The key to solving moving train problems is to understand the distance that the needs to be covered or the relative speeds at which the objects are commuting in the problems. Lets take a look at both of these cases and talk about how to solve these types of questions.
If the train is passing a Stationary object, think Distance
- If the problem asks for the time taken by a moving train to pass a pole or standing man or anything similar that basically is a point, you will need to find the time taken by the train to cover the length of the train itself.
- If the problem asks for the time taken by a moving train to pass a bridge or a tunnel or anything that has a length of itself, then the time taken by the train to pass that object will be the length of the train $+$ the length of the object.
If the train is passing a Moving object, think Speed
- If the problem involves $2$ moving objects, you would usually want to calculate the net speed between the two objects.
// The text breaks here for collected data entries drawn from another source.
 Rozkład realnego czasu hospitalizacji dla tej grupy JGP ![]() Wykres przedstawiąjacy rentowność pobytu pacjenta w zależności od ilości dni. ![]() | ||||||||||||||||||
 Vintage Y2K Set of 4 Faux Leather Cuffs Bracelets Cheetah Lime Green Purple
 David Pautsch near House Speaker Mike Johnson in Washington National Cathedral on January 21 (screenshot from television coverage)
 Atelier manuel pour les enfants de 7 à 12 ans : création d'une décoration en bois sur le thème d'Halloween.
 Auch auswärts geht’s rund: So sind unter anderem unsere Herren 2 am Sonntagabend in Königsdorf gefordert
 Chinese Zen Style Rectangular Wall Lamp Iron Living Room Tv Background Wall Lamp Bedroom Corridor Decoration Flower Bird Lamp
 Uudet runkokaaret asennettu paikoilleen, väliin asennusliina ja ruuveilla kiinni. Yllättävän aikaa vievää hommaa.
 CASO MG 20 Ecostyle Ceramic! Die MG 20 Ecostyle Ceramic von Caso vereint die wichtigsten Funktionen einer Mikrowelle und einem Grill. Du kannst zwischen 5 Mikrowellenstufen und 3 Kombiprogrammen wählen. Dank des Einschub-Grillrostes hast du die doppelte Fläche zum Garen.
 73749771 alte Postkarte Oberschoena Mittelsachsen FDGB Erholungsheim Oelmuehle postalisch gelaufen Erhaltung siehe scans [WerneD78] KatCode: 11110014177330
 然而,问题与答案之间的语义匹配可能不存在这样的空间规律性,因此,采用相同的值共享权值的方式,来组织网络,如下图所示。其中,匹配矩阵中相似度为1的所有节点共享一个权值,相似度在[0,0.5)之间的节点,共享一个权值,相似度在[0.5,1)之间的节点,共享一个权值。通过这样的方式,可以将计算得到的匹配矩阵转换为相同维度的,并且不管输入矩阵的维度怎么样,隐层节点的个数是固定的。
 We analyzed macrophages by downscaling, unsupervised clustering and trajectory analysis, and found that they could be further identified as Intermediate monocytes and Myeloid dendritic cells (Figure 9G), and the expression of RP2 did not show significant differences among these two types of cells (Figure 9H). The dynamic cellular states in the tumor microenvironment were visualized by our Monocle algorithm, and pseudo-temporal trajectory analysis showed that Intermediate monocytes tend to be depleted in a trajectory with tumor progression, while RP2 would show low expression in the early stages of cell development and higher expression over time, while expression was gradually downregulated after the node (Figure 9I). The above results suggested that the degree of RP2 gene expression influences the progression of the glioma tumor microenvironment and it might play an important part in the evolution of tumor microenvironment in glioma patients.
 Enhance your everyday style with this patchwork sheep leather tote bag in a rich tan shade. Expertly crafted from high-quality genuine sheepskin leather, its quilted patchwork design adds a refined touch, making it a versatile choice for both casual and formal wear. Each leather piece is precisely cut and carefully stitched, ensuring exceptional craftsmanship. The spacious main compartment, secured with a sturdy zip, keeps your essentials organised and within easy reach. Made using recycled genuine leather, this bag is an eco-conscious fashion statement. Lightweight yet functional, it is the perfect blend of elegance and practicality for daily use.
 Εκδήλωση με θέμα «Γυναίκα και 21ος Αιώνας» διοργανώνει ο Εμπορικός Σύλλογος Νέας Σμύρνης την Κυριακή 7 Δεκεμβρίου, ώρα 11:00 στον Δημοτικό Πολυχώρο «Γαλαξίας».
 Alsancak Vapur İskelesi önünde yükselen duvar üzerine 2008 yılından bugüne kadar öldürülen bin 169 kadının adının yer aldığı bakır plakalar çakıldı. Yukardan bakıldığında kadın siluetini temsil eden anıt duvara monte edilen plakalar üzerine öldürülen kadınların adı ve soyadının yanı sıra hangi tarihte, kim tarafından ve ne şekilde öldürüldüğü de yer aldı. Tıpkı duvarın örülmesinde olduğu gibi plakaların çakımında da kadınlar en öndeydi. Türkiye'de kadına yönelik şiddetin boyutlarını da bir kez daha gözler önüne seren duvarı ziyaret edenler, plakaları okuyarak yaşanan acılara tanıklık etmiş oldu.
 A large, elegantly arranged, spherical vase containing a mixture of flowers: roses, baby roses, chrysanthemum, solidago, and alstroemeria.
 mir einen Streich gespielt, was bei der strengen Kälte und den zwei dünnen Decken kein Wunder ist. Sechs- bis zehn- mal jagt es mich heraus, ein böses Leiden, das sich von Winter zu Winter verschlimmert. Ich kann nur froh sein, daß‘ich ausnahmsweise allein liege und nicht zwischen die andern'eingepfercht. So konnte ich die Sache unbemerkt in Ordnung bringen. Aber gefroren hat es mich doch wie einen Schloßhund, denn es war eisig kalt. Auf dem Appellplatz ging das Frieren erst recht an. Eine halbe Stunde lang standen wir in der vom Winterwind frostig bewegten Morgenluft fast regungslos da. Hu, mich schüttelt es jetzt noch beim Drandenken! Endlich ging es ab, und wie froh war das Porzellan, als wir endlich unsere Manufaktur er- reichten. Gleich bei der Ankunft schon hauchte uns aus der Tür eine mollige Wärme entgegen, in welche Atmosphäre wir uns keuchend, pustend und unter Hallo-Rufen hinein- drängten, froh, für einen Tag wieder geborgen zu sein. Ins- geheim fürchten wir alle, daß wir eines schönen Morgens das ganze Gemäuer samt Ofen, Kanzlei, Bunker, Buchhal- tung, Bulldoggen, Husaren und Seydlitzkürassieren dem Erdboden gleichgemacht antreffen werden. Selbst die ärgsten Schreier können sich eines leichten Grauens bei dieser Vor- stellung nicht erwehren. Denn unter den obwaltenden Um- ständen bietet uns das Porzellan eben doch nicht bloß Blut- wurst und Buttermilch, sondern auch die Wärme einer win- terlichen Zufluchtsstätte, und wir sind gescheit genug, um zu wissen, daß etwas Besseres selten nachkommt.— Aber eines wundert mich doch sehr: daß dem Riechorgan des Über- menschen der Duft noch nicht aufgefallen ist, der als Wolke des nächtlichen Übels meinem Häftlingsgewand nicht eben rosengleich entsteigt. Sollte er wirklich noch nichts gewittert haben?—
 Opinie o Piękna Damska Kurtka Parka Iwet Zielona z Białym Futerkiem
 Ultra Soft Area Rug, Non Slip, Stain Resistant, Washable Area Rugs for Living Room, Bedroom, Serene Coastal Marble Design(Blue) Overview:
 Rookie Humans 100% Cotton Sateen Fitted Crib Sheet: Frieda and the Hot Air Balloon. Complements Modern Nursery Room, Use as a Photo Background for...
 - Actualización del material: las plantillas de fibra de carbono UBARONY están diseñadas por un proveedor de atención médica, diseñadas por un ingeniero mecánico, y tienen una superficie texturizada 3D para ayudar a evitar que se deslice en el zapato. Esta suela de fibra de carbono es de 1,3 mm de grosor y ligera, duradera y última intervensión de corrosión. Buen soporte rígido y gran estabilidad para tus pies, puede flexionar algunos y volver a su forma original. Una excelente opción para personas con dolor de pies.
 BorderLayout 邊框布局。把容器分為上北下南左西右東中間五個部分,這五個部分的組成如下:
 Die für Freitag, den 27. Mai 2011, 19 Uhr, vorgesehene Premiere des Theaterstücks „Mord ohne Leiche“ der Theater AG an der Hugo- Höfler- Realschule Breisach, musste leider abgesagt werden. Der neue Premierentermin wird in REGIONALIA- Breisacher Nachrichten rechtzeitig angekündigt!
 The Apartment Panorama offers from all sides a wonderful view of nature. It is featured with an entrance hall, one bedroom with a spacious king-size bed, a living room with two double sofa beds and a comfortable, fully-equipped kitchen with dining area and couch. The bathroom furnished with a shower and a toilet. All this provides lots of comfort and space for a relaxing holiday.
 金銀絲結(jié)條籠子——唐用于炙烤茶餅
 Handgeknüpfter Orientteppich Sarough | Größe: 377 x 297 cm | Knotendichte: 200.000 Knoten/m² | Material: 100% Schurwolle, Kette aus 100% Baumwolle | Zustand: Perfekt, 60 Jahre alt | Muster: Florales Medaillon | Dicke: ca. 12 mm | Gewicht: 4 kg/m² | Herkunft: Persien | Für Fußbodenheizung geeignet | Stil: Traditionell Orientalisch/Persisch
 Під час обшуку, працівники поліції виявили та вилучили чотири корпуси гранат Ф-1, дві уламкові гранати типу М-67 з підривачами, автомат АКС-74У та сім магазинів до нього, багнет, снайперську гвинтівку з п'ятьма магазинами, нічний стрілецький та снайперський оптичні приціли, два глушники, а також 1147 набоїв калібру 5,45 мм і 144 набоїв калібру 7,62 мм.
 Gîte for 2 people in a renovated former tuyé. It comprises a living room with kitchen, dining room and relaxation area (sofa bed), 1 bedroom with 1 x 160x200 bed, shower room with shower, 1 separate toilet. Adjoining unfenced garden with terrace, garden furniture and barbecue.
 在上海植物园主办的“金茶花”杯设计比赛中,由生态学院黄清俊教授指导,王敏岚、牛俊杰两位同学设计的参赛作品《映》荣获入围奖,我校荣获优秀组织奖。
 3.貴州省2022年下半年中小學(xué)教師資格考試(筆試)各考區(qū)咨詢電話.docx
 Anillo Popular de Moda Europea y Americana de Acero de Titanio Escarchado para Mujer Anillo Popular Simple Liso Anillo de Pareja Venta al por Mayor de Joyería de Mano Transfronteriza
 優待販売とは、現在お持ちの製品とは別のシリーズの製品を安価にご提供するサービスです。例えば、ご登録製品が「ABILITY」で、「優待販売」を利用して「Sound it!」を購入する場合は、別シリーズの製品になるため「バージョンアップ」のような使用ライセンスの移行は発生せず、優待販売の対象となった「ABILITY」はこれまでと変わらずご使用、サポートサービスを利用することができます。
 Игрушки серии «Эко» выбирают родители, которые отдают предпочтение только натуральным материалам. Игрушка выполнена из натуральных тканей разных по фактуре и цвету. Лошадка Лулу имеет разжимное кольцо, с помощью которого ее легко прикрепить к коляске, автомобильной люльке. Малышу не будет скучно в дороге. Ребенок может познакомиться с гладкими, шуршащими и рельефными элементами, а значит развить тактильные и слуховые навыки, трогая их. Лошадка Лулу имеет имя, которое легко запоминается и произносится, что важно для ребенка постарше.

Basically, if the two objects (Object A and Object B) are moving in the same direction, where Object A is moving faster than Object B, you would find the Net speed using the following formula.
$$\text{Net Speed} = \text{Object A} - \text{Object B}$$
Conversely, if the $2$ objects are moving in opposite directions, then their Net Speed is found by adding the two speeds. In other words,
$$\text{Net Speed} = \text{Object A} + \text{Object B}$$
You will come across problems that ask to calculate the time it takes for $2$ moving trains to cross each other. The concept we learned earlier about $T = \frac{D}{S}$ still applies here, but our distance is now the sum of the lengths of the $2$ trains and our speed becomes the Net Speed. We can write this as
$$\text{Time} = \frac{\text{Length of object A + Length of object B}}{\text{Net Speed}}$$
Lets see these ideas in action
Problem 1: A train running at the speed of $60$ mph crosses a pole in $20$ seconds. What is the length of the train in feet?
Solution: We start with the basic $D = S \cdot T$. We know that the speed is $60$ mph, but because our given time to cross the pole is in seconds, we need to convert our speed in miles per second. This brings our speed to $\frac{1}{60}$ miles per second. Plugging it back in, we have $$D = \frac{1\text{ mile}}{60\text{ seconds}} \cdot 20 \text{ seconds} = \frac{1}{3} \text{ mile} = \boxed{1760 \text{ feet}}$$
($1$ mile = $5280$ feet)
Problem 2: $2$ trains of equal length are running on parallel tracks in the same direction at $40$ mph and $30$ mph. The faster train passes the slower train in $30$ seconds. Calculate the lengths of the trains in feet.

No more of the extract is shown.